Beginning at the line that holds "Mazda 5 2006 |", transcribe each line exactly through the end of the records, and leave any pictures out.

**TASK DATA**

================

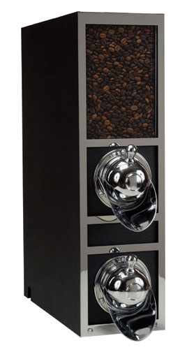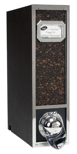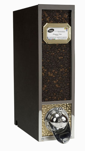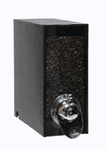 plastic body/metal front w/hammered face plate. Holds approximately 14lbs. of coffee.
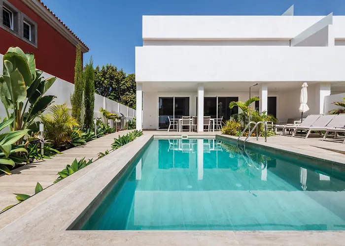 Deze 4-slaapkamer Villa Deluxe Suites Maspalomas bevindt zich op korte rijafstand van 10 minuten van de Paseo Marítimo en beschikt over een terras met uitzicht op de berg. Deze villa nodigt gasten uit om te ontspannen in een privézwembad en bevindt zich in een woongebied van Maspalomas.
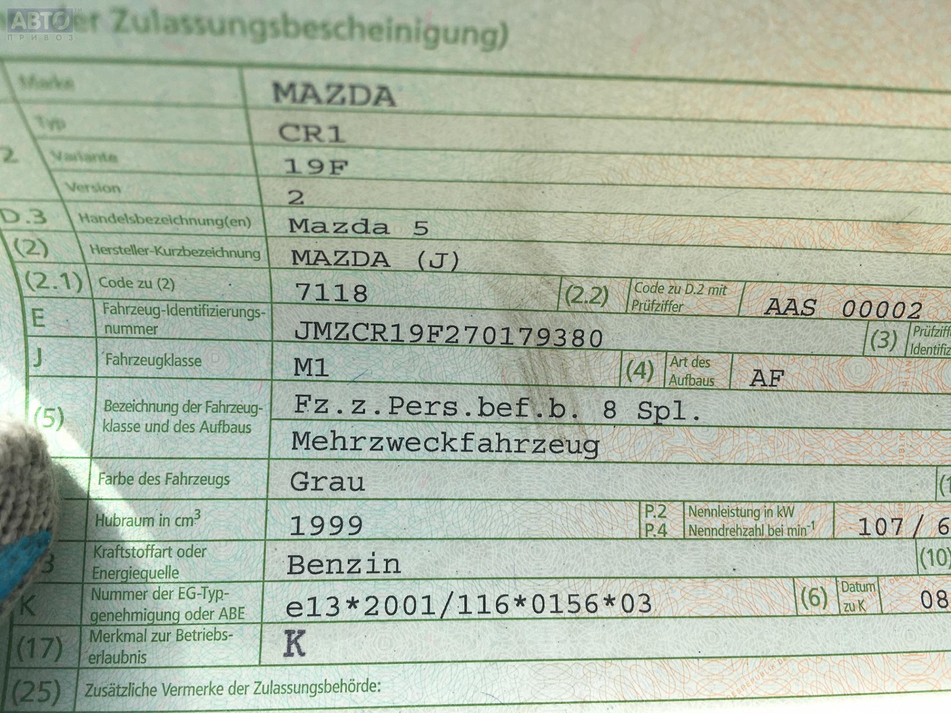 | Марка / Модель / Год: | Mazda 5 2006 |
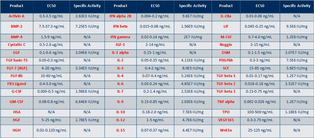HumanKine® GMP recombinant proteins offer safety, purity, stability, and potency to use in ex vivo manufacturing processes, as defined in USP (United States Pharmacopeia) Chapter 1043 Ancillary Materials for Cell, Gene, and Tissue-Engineered Products, Growth Factors and Cytokines Used in Cell Therapy Manufacturing, WHO TRS, No. 822, 1992 Annex 1 Good Manufacturing Practices for Biological Products.
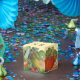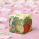Uma pequena caixa com texto personalizado em cima em letras castanhas retroradas e lados decorados em arte de colheita de tomates, peras, morangos, cenouras e milho num fundo de pergaminho falso. Um tamanho perfeito para organizar e salvar sementes ou plantas do seu jardim.

================

**RESULT OF THE EXERCISE**
 | Марка / Модель / Год: | Mazda 5 2006 |
HumanKine® GMP recombinant proteins offer safety, purity, stability, and potency to use in ex vivo manufacturing processes, as defined in USP (United States Pharmacopeia) Chapter 1043 Ancillary Materials for Cell, Gene, and Tissue-Engineered Products, Growth Factors and Cytokines Used in Cell Therapy Manufacturing, WHO TRS, No. 822, 1992 Annex 1 Good Manufacturing Practices for Biological Products.
Uma pequena caixa com texto personalizado em cima em letras castanhas retroradas e lados decorados em arte de colheita de tomates, peras, morangos, cenouras e milho num fundo de pergaminho falso. Um tamanho perfeito para organizar e salvar sementes ou plantas do seu jardim.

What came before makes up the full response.